## [TRY IT]
Starting at the line that contains "来到往昔的桓那兰那左边的七天", retype each line to the end of the listing below. Include both ends, but not the pictures.

## [DATASET CONTENT]

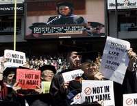 Con carteles de "No en mi nombre", alumnos y profesores del Boston College de Massachusetts rechazaron ayer la presencia en la ceremonia de fin de cursos de la secretaria de Estado estadunidense, Condoleezza Rice
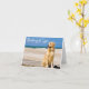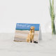This fun canine note card features an image of a beautiful yellow Golden Retriever puppy dog sitting on a wooden boardwalk alongside the ocean with a "Thinking of you" greeting printed in a cursive white font highlighted against vibrant blue sky/
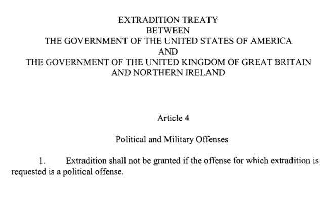 09/05/20 09:04 05 PM Retweet: The UK-US extradition treaty clearly prohibits extradition for political offenses pic.twitter.com/Q0MoKH1V2Z
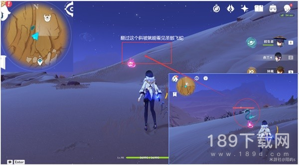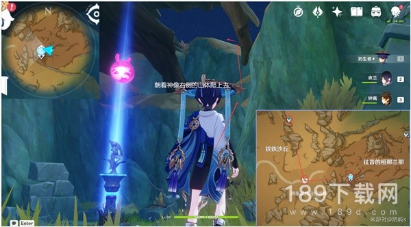 来到往昔的桓那兰那左边的七天神像,朝着小地图的西方向(左边)看,从神像的右侧山体爬上去。
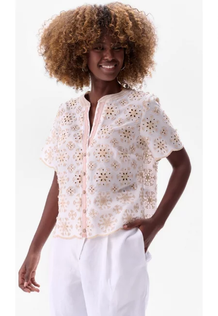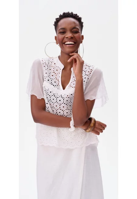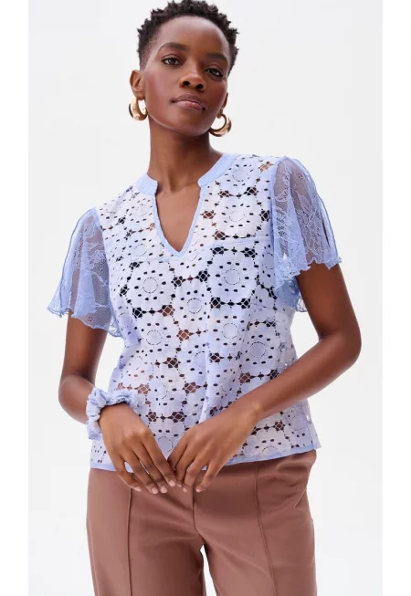 Блуза с бродерия и прозрачни ръкави Tefal
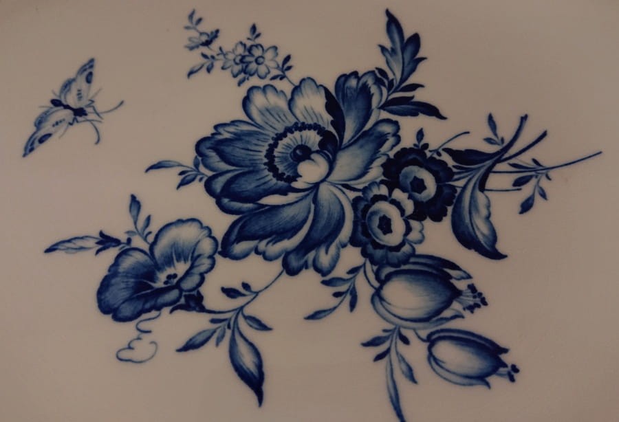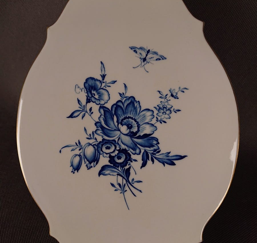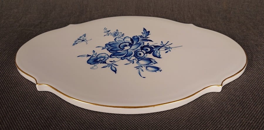 Wykonana z najwyższej jakości, śnieżnobiałej porcelany, plakietka stanowi idealne tło dla ręcznie malowanej dekoracji. Centralnym motywem jest bukiet stylizowanych, niebieskich kwiatów. Dominują duże, pełne kwiaty przypominające piwonie lub róże, otoczone mniejszymi pąkami i liśćmi o płynnych, organicznych kształtach. Malunek wykonany jest w odcieniach kobaltowego błękitu, z precyzyjnymi cienkimi liniami i delikatnym cieniowaniem, co nadaje kwiatom trójwymiarowości i subtelności.
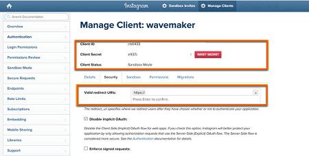 1. Click Manage Clients to acquire the Client ID and Client Secret for the created App Client. Paste the callback URL from step 3 in the redirect URI section of the App in Instagram.

## [OUTPUT OF THE TASK]
 来到往昔的桓那兰那左边的七天神像,朝着小地图的西方向(左边)看,从神像的右侧山体爬上去。
 Блуза с бродерия и прозрачни ръкави Tefal
 Wykonana z najwyższej jakości, śnieżnobiałej porcelany, plakietka stanowi idealne tło dla ręcznie malowanej dekoracji. Centralnym motywem jest bukiet stylizowanych, niebieskich kwiatów. Dominują duże, pełne kwiaty przypominające piwonie lub róże, otoczone mniejszymi pąkami i liśćmi o płynnych, organicznych kształtach. Malunek wykonany jest w odcieniach kobaltowego błękitu, z precyzyjnymi cienkimi liniami i delikatnym cieniowaniem, co nadaje kwiatom trójwymiarowości i subtelności.
 1. Click Manage Clients to acquire the Client ID and Client Secret for the created App Client. Paste the callback URL from step 3 in the redirect URI section of the App in Instagram.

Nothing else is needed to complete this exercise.